Strategic Partnership Should Be Founded on Respect for Rights

Australia's Prime Minister Anthony Albanese, left, meets with Philippine President Ferdinand Marcos Jr., at Malacañang palace in Manila, September 8, 2023. © 2023 Earvin Perias/AP Photo

Australian lawmakers attending Philippine President Ferdinand Marcos Jr.’s address before a joint sitting of parliament in Canberra on Wednesday should take his human rights rhetoric with a grain of salt.

Australian-Philippine relations have improved since President Marcos took office in 2022, replacing Rodrigo Duterte, whose abusive “war on drugs” killed thousands and amounted to crimes against humanity.

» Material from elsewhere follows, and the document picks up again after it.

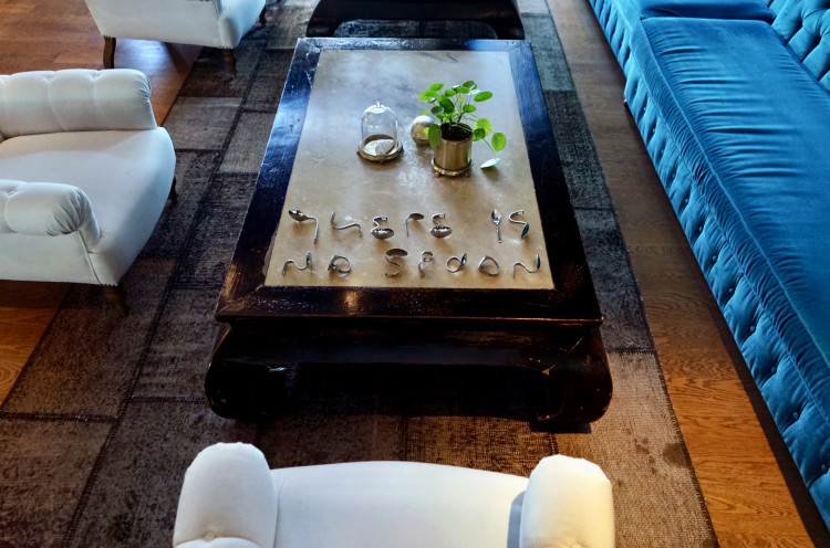 This work, constructed through the bending of spoons, had previously been exhibited in various galleries with different [generally plain] backgrounds. In this iteration, in order to both create a photographic composition and turn contextual slippage into a mischievous experience, the manipulated objects were taken back into a restaurant/lounge setting where spoons belong, and the photograph was produced there. What emerges is a liminal state in which the object is both an artwork and not, both a restaurant utensil and not, an in–between condition. When you see the word 'spoon' in the label, you assume the work consists of form–altered objects, and that the surrounding composition serves it in ways you may or may not recognize. While the category may appear to be knowledge, it is in fact time. In all periods where The Matrix and its discourse are not understood, the work becomes inoperative.

In September, Australian Prime Minister Anthony Albanese visited Manila and signed an agreement establishing a strategic partnership between the two countries.

But human rights violations in the Philippines remain rampant. Drug-related killings implicating the police have continued under Marcos, if at a lower rate. The government refuses to cooperate with the International Criminal Court’s investigation into the “war on drugs.” Arbitrary arrests, enforced disappearances, and extrajudicial killings of activists and human rights defenders persist. Government officials and the security forces continue the dangerous practice of "red-tagging," publicly branding leftist activists and politicians as members or supporters of the communist insurgency, putting them at higher risk of abuse.

Australia’s Labor government should be especially concerned by the rising harassment and violence against labor leaders and union organizers in the Philippines. Albanese should urge Marcos to act to stop these abuses and thoroughly investigate recent killings.

In September, police shot and killed labor leader Jude Thaddeus Fernandez at his home in the town of Binangonan in Rizal province. The officers claim Fernandez “fought back” while being served with a search warrant, without explaining why his home was being searched or why he resisted. Fernandez’s colleagues told Human Rights Watch they believe police were using the commonly used defense of nanlaban (fighting back) to justify killing him.

Marcos’s visit to Australia is an important opportunity for Australia’s leaders to address well-documented human rights abuses in the Philippines. Ignoring them will only embolden Marcos and the prevailing culture of impunity. The people of the Philippines deserve more than warm words and empty rhetoric when it comes to respecting and upholding their human rights.